We’re doing this because technology is going mainstream in India. I’m not referring to the country’s software and services industry when I say that. I am referring to the way people in India, across demographics, are applying technology and social tools to get more out of life. It’s very similar to how software is eating the world. And as technology storytellers, we believe this is the best time to make sense of technology disruption, newer companies and people shaping the next big ideas in India.
Why now?
There’s no better time to be a technology journalist in India. I don’t want to take away from our peers tracking tech in Silicon Valley where cool stuff is born everyday. But India is in the throes of a digital age and our lives our being changed like never before.
The stories that we are seeing around us, especially those triggered by technology, cannot be fitted in the existing frames, and traditional newsrooms that continue to be obsessed with daily news cycles cannot capture these narratives meaningfully anymore.
What will FactorDaily do?
Visual storytelling from the intersection of technology, culture and life in India.
We plan to produce stories that not just celebrate the human ingenuity behind some of technology’s best used cases in India, but also help FactorDaily’s consumers discover newer ways of applying fresh tech ideas in the way they live, work and consume entertainment.
We also believe that newer companies and business sectors taking birth because of technology disruption could use some fresh narrative. Many young potential consumers of our stories we interviewed over past few months looked hungry to learn more about the new payment banks, digital commerce, and companies including Flipkart, Snapdeal, and more.
So we will ask questions, explain these sectors, companies and the people shaping them. And we will do that by practising journalism at the core.

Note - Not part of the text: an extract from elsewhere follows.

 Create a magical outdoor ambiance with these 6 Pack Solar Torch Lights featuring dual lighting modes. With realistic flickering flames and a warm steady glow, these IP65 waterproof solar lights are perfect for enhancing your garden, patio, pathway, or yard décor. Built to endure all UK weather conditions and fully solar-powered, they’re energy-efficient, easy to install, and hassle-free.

We will do all this with a strong focus on visual storytelling and design to ensure that narratives are not lost in translation and are “picturesque enough for people to remember” as Joseph Pulitzer said.

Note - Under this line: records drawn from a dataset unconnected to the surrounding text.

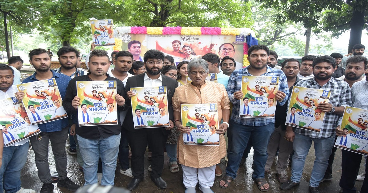 প্রতিবেদন: ২৮ অগাস্ট তৃণমূল ছাত্র পরিষদ বা টিএমসিপির (TMCP) প্রতিষ্ঠাদিবস। এই উপলক্ষ্যে ওই দিন একাধিক কর্মসূচি নিয়েছে তাঁরা। রাজ্য জুড়ে চলছে প্রচার। এই প্রচারের অঙ্গ হিসেবে বৃহস্পতিবার সংগঠনের তরফে আনুষ্ঠানিক ভাবে একটি পোস্টার রিলিজ করা হল। দলনেত্রী মমতা বন্দ্যোপাধ্যায় ও দলের সর্বভারতীয় সাধারণ সম্পাদক অভিষেক বন্দ্যোপাধ্যায়ের ছবি রয়েছে এই পোস্টার। এদিন ময়দানে গান্ধিমূর্তির পাদদেশে এক অনুষ্ঠানে এই পোস্টার প্রকাশ করা হয়।
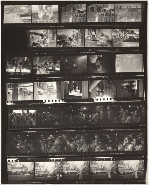 Curator: This gelatin-silver print by Robert Frank, titled "Cowboys no number," captures scenes from 1954. It presents a contact sheet showcasing multiple frames of a rodeo or similar event. The image presents as an indexical mapping of his encounter. Editor: It’s incredibly raw, isn't it? The grit of the rodeo comes right through. There's a visible materiality of light and silver in the contrasted moments, almost like the light is corroding time itself as we encounter it in the frame. Curator: I'm drawn to how the repetition and arrangement contribute to the work's formal properties. The grid-like structure contrasts nicely with the organic, unpredictable actions captured within each frame. Semiotically, each panel constructs a narrative, yet fragmented and open to interpretation. Editor: Agreed, and I find that this is directly related to the process. By showing the contact sheet, Frank emphasizes the selection process and reminds us that photography, no matter how "decisive" the moment, relies on this editorial construction. What he shows us is work. You can imagine the photographer immersed in the physical work, editing, ordering, touching, assembling—the trace of that manual labor. Curator: And the tonality! The shades of gray accentuate texture, heightening contrast to delineate shapes clearly while drawing you into specific points of visual tension. The composition in the selected frames further emphasize this pull and push, giving the sense of the event with a cinematic quality, akin to freeze-frames, capturing pivotal scenes. Editor: Consider also the limitations Frank faced with his equipment. He didn't have sophisticated post-production capabilities we have today; it was physical. Dodging, burning, chemicals all contributed to the making, highlighting what Roland Barthes calls photography’s inherent 'certificate of presence.' Curator: True, the limitations can inform how we view and assess art. Frank's choices enhance our reading of light and texture, as though the medium underscores what might escape unnoticed by a less meticulous eye. Editor: Precisely, the print stands as both documentation and physical artifact. It underscores how the manufacturing process, as a historical construct, is integral to what this picture can ‘mean.’ Curator: Indeed, it's an instance where Frank transforms a simple scene into an inquiry of visual language, the structure revealing its poetic power. Editor: Leaving us to consider how Frank made art visible in a time that was increasingly obsessed with photographic imagery, rather than what goes into image-making.
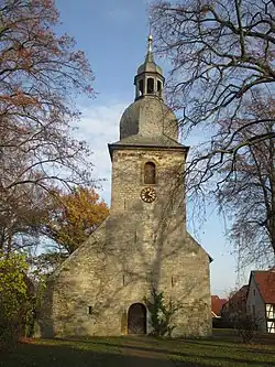 Die romanische Saalkirche aus Bruchsteinen wurde in den folgenden Jahrhunderten mehrfach umgebaut. Das Kirchenschiff wurde verbreitert und ein rechteckiger Chor wurde angebaut. An den Chor wurde nach Norden eine Sakristei errichtet, von der über eine Treppe die Patronatsloge derer von Kniestedt erreicht wird. Das ursprüngliche Portal auf der Südseite ist vermauert. Das heutige Portal liegt auf der Westseite. Es führt zum Vestibül im Erdgeschoss des Dachturms im Westen, in dem eine steinerne Büste eines Bischofs aus der ersten Hälfte des 14. Jahrhunderts steht. Im Innern des Chors weisen die Strebepfeiler und die Konsolen an den Ecken auf ein geplantes steinernes Kreuzgewölbe hin. Gebaut wurde dann aber ein hölzernes Tonnengewölbe. Der Dachturm erhielt 1766 eine achtseitige, schiefergedeckte Haube, auf der eine offene Laterne sitzt.
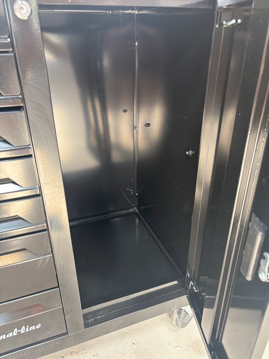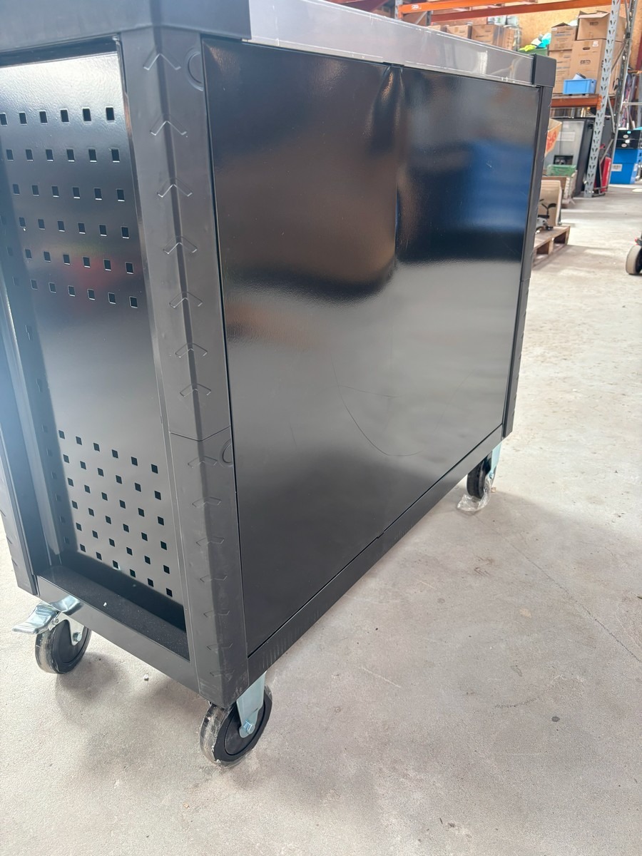 XXL Værktøjsvogn, med masser af værktøj i. Værktøj i alle 7 af skufferne. Der medfølger hjul der kan monteres på den, så den er nem at transportere frem og tilbage - disse ligger i skuffe 7. Måler : 115 x 48 x 85 cm. Ubrugt, dog demo model og med en lille bule omme bagpå.
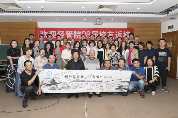 9月22日下午,学院在后主楼1620室举办了98届校友返校茶话会。学院何璋教授、胡松明副教授、分党委副书记葛玉良、院办韩丽丽主任、高潇潇、杨晶老师参会,98届经济系班长张海冬主持茶话会。
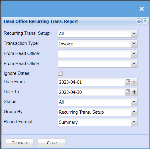 | Recurring Trans. Setup | Select all or specific recurring transactions from the dropdown menu. |

Technology meets storytelling and design
One of the first learnings for us has been to shed the traditional journalism hat and accept the fact that for effective storytelling, we must be on the same table as technology and design. At FactorDaily, almost everything we do (and we do most of the things on Slack) has elements of technology and design from the very beginning.
Our core team has fewer journalists than a traditional newsroom.
Meet Regina, India’s first newsbot
The questions I listed at the start from sceptics and the well-wishers are still lurking around. What’s changed though is that we have now discovered some really awesome questions that keep us awake at night and make us restless during the day.
“Who is Regina?”
“What can Regina do next?”
“And why is she calling me a fool?”
In her first avatar, Regina started listening to our conversations on Slack, capturing anything with a URL to ensure that it is stored and exposed later for search as an API. And since Titash, our technology co-founder, thought Regina should have a life, he programmed her to have interesting conversations with us.
Titash is now our in-house “bot-man.”
Regina is just the start. As you’ll see in the coming days and weeks, the bots at FactorDaily will push the boundaries by doing interesting things. If I go any further, Titash might just set one of his pet bots on me for divulging too much. So, mum’s the word, but expect some cool stuff going ahead (this awesome Frederic Filloux post on Monday Note validated our ambitions)
Someday, Regina and her peers will take over most of the repetitive and commodity stuff in the areas of storytelling and news. It will free us to focus on pushing the boundaries of journalism and storytelling from this part of the world and help us tell beautiful and impactful stories.
As we get closer to the launch, we will share more details of our founding team and the investors backing us. For now, we’re hard at work to bring you something awesome.